WHAT: Presentation of portraits of Austin Seward and his wife, Jennett, to the Monroe County History Center.
WHEN: 6 p.m. today.
WHERE: Monroe County History Center, Sixth and Washington streets in Bloomington.
HOW MUCH: The public is invited and admission is free. Light refreshments will be served.
The Sewards--the family that reputedly forged the first courthouse fish--are making another contribution to Monroe County tonight.
Descendants of Marilyn Seward Warden and Nancy Seward Taylor will formally present portraits of Austin Seward and his wife, Jennett, to the Monroe County History Center during a 6 p.m. ceremony at the museum.
The public is invited and light refreshments will be served. After the ceremony, a viewing of the museum's Seward exhibit will be conducted.
Austin Seward is the blacksmith credited with producing the famous fish weather vane that originally adorned Monroe County's 1826 brick courthouse. The origin of the fish perched atop the current limestone courthouse, constructed in 1906, remains a matter of conjecture.
There is uncertainty as to the creator of the Seward portraits, too. Records identify the artist only as a "Mr. Blair." But the paintings have belonged to the Seward family since the 1860s, and museum executive director Kari Price said she's honored to help provide them a new home.
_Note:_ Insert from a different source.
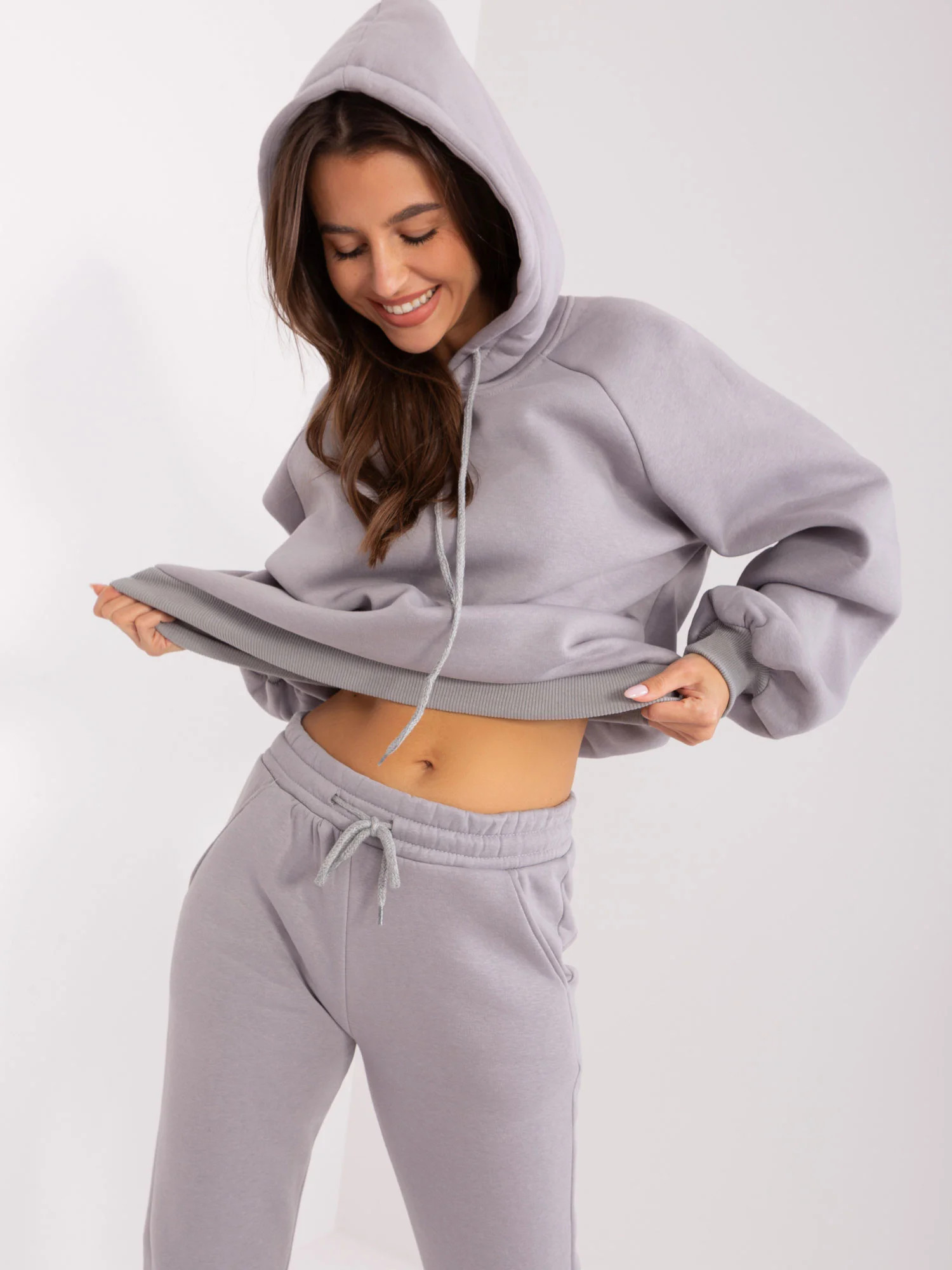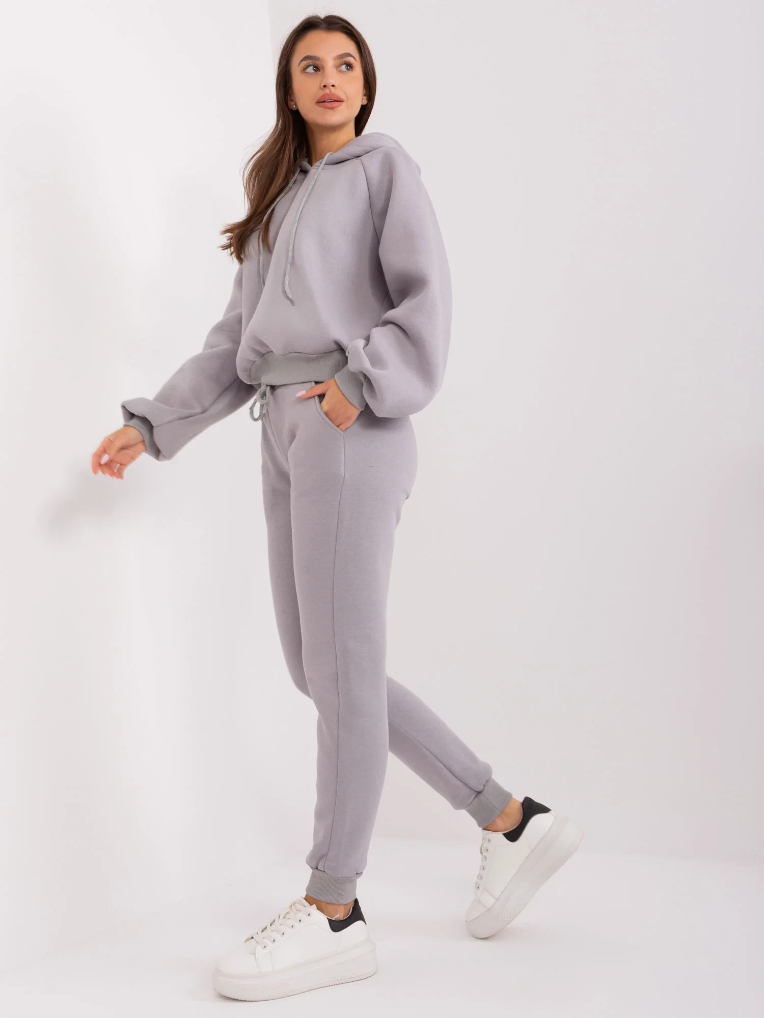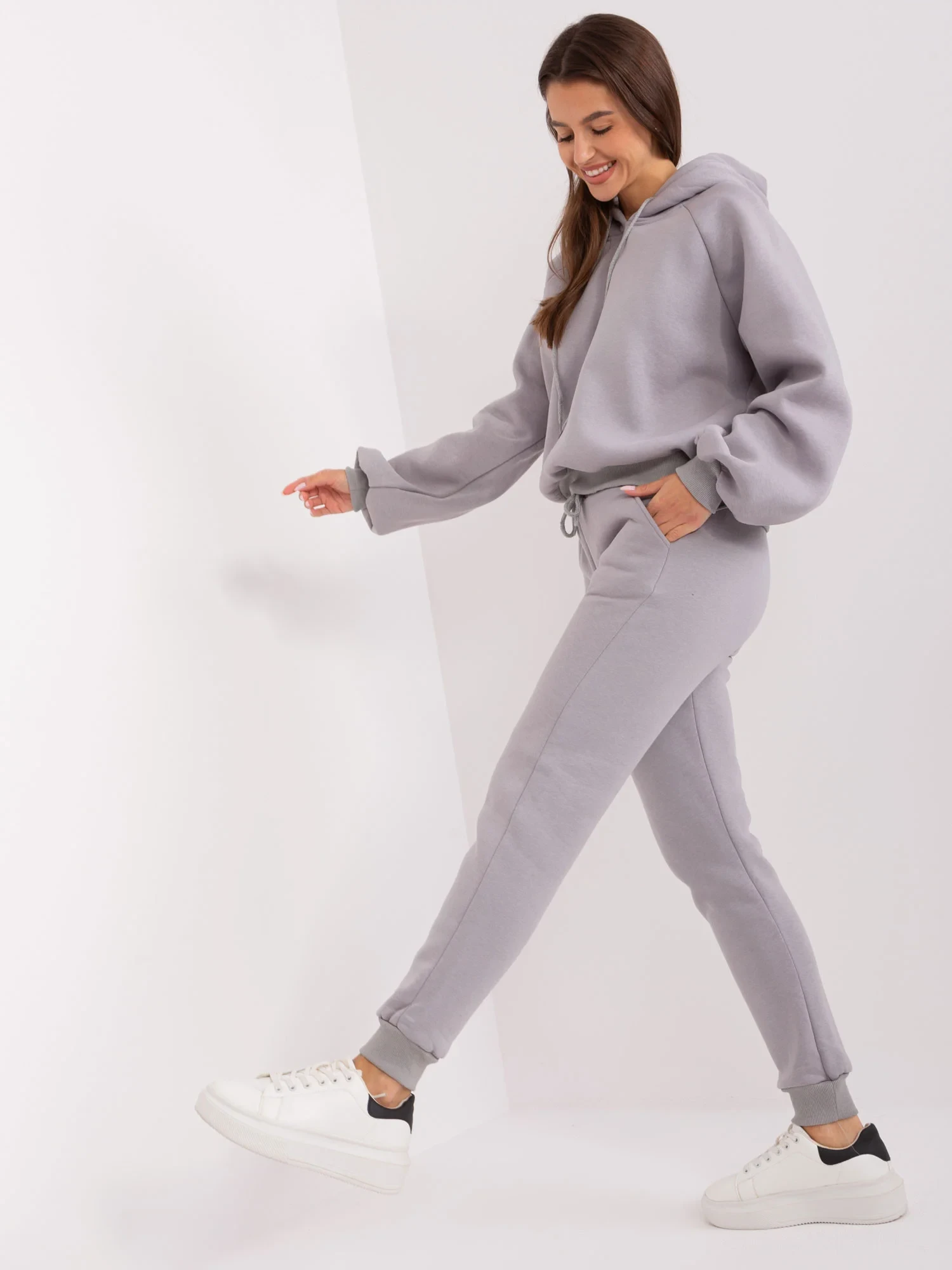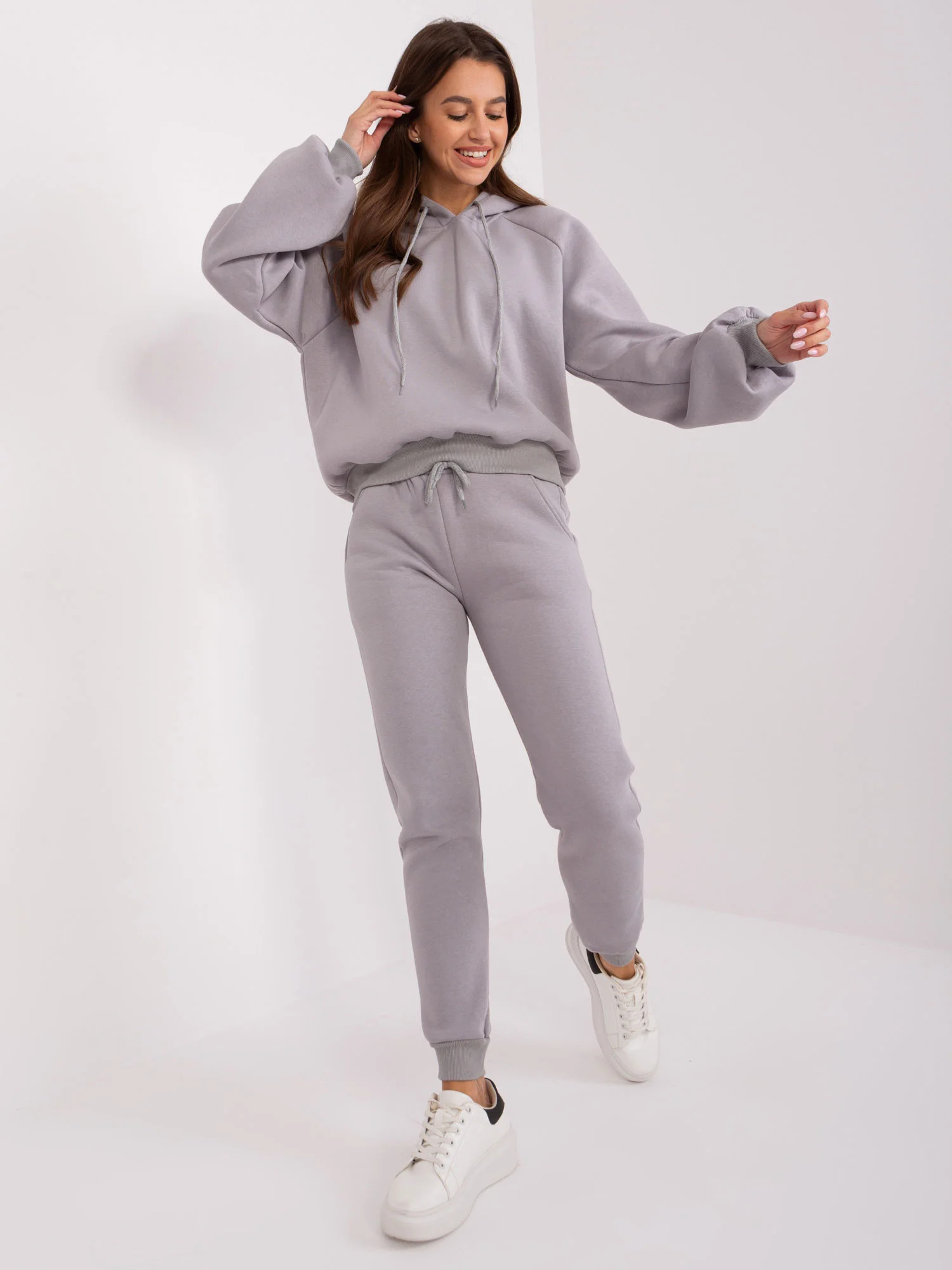 Šedá tepláková souprava s kalhotami .

"We don't generally have the wherewithal to purchase artifacts--we rely on donations--and this is a wonderful treat," Price said Friday. "It's quite a treasure. Our holdings don't normally include paintings, and Austin Seward was such a significant figure in the founding of Bloomington.
"He arrived when the county was only a couple of years old, and started a business that went on here for over 150 years."
That business went from blacksmith shop to foundry, to machine shop, to industrial and plumbing supplier--and, by 1967, Seward and Co. became the oldest business in Indiana run by the same family under the same name. It closed in 1983 after 162 years in existence.
Austin Seward was born in Virginia around 1797 and grew up in Richmond, Ky., where he met and married Jennett "Jane" Irwin, a well-educated daughter of a prosperous family. They moved to Bloomington in 1921 [sic], just three years after the community's founding.
Seward was active in the community immediately. He taught Sunday school for the Presbyterian church in 1921. He was hired to paint the courthouse and to provide other services to the county. In 1833 he was one of the incorporators of the Monroe County Female Seminary. He organized and led the first band ever active in Bloomington.
He died in 1872 and was buried in the Dunn Cemetery beside his wife, who had died in 1865.